If a freedom of conscience was needed to fight against coercion by religious or governmental authorities in the 16th and 17th centuries, then such freedom could also be further understood as a freedom from certain constraints—from tyrannies and injustices.  To articulate this development, freedom in the late 18th century was now defined in terms of ‘rights’—life, liberty, and the pursuit of happiness, as Thomas Jefferson put it in the US Declaration of Independence; or liberty, fraternity, and equality, as the French Revolution put it.  This version of freedom marched on right through the 19th and much of the 20th centuries, fighting against tyranny, slavery, chauvinism, despotism (Fascism, Communism), economic injustice, and civil constraints based on ethnicity.  Yet freedom from constraints was not the same as freedom of conscience, and the former increasingly saw religion as yet another constraint to be opposed.  Indeed, already in the 18th century Voltaire began the attack on faith.

Freedom of Choice

One might see how ‘freedom of conscience’ and ‘freedom from constraints’ easily slip into a very different understanding of freedom—a ‘freedom of choice.’  This occurred in the 1960s and 1970s. While the civil rights movement was still about removing constraints and the natural rights of all human beings, other issues in the 1960s created the situation necessary for a new perspective on freedom to evolve.  One formative event in Western history was the Vietnam War, with very young people having to decide matters of conscience and resist the constraints of law, not least in opposition to the draft.  Yet the same generation was faced with another matter of freedom that did not have to do with their consciences or coercion but with their desires: the sexual revolution.  As this second concern came into focus, ‘freedom’ became less a matter of defending conscience and more a matter of securing the right to choose—whatever the choice.  This was focused even more sharply in 1973 when the US Supreme Court determined in favour of a freedom of choice in the termination of a pregnancy (abortion).  To do so, it had to deny the moral value of unborn children: one can hardly defend someone’s freedom to choose if another’s life will place constraints on that choice.  Society attached the notion of freedom as a ‘right’ (women’s rights) to the notion of freedom as a ‘choice’.  Also, if freedom was to be understood as an individual’s choice, then the consciences of others were of no consequence.  The notion of ‘freedom’ as a ‘choice’ had come into its own.

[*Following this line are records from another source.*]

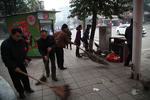 2014年1月1日,县政府办组织全体党员干部走上街头,在红星大道开展义务扫大街和文明劝导活动。本次活动重点对此路段两侧绿化带和公共区域进行了全面打扫,对过往行人不遵守交通规则、乱扔垃圾等不文明行为进行了劝导。县志办、县人防办也主动参与到此次活动之中。
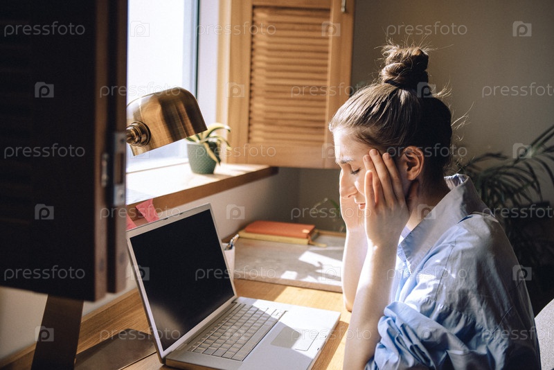 Усталая молодая женщина закрыла глаза и села перед компьютером.Фрилансер взяла перерыв с работы из-за головной боли
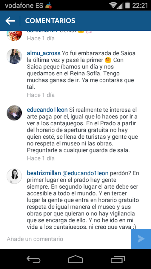 Además aprovecho para desarrollar en este post la idea que parece que a generado la polémica.En otras ocasiones ya he escrito sobre museos o la importancia de dale al arte el valor que tiene en la sociedad, lo podéis leer aquí, aquí, o aquí Por supuesto que es lícito aprovechar cuando un evento artístico es gratuito para ir a disfrutarlo y para ir introduciendo a los pequeños en el disfrute del arte, sobre todo en una época de vacas flacas como la actual. Pero de eso a decir que el arte debería ser gratis hay un trecho enorme. Un argumento simple podría ser “ Y porqué no es gratuita la peluquería, al fin y al cabo casi todo el mundo necesita cortarse el pelo o peinarse, o las gafas, porqué demonios no son gratis las gafas”. En realidad los museos no son gratis, afortunadamente, y por eso siguen existiendo artistas, conservadores, guías, fabricas de pintura, etc. el arte que consumimos en estos lugares incluso cuando la entrada es gratuita está subvencionado. Por desgracia en la sociedad de consumo en la que vivimos solamente valoramos las cosas cuando se les pone un precio (por ahí iba yo en la dichosa respuesta en Instagram) Por eso creo que una forma de educar a los niños en la importancia de la cultura es que nos vean pagar por arte, igual que nos ven pagar por otras cosas importantes y cotidianas de la vida como la barra de pan o el autobús. Además cuando vamos a un museo nos comportamos siguiendo unas reglas, lo mismo que si me invitan a una casa donde se descalzan en la entrada y hago lo propio. Esto no quiere decir que se tenga que entrar con una escoba metida en el culo, al contrario los museos son lugares para disfrutar y las visitas con niños deben ser lo más lúdicas que se pueda. Siempre claro está respetando la visita de los demás y las normas de cada museo ( Reconozco que en este punto sí que te di un pequeño tirón de orejas porque en el Prado no se pueden sacar fotos, en otros museos sí en el Prado no)
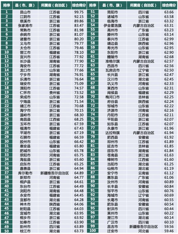治理能力百强县,东部入榜县域数量过半
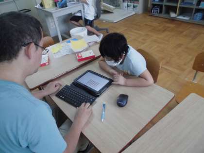 今日はかけ算の九九を覚えるプログラミングを使って練習をしました。2のだん,3のだんまでは数えながらとけていました。4のだんのときに,かける数が1ふえると,4ずつふやすと答えが見つかることに気付くと,答えられるスピードもはやくなっていきました。
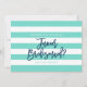 This preppy Will You Be My Junior Bridesmaid card features the words "Junior Bridesmaid" in trendy blue brush script against a turquoise and white stripes background. Card has a matching blue back side. Check out matching Bridal Shower / Wedding items here https://www.zazzle.com/collections/119250194970828530?rf=238364477188679314
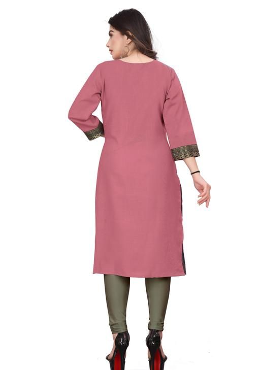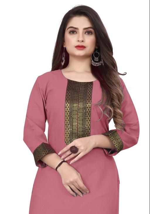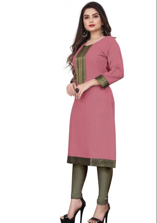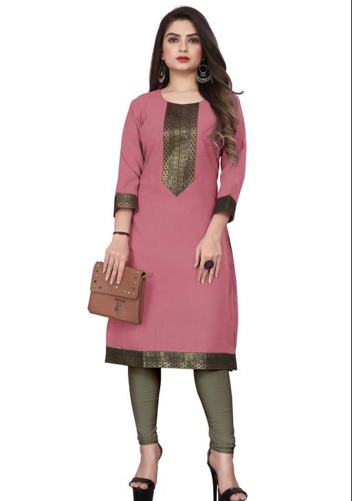 Name: Desigener Kurtis New Collection Plain Cotton Golden Lace Border Pattern Casual Kurta for Girls & Women
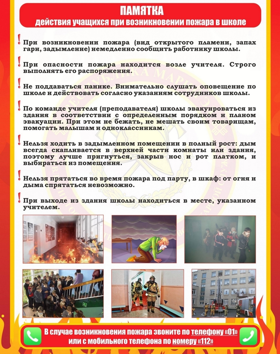 Если пожар начался, нужно немедленно вызвать пожарных по телефону «101» или «112», назвать свою фамилию и точный адрес пожара, позвать на помощь взрослых. Нельзя оставаться в горящем помещении и прятаться в шкафы или иные предметы мебели.
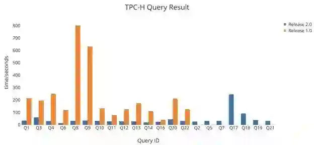 完成上述两项改动之后,TiDB 在 OLAP 场景下的性能有了大幅的质的提升,从 TPC-H 的对比结果来看,所有的 Query 在 2.0 中都运行得更快,一些 Query 大多数都有几倍甚至数量级的提升,特别是一些 1.0 中跑不出结果的 Query 在 2.0 中都能顺利执行。

The shift from freedom of conscience and freedom from constraints to freedom of choice marked the shift to postmodernity.  Whether one approached rationality from the perspective of faith and tradition or reason and science (the latter being the modernist, Enlightenment paradigm), some notion of objectivity was kept alive.  Postmodernity, shifting the domination of the university from the science department seeking foundational and objective truths to the literature department entertaining a plethora of perspectives, accepted no objective rules for enquiry, only subjective interpretations.  This was the context in which freedom of choice flourished.  One could construct any variation of truth one desired.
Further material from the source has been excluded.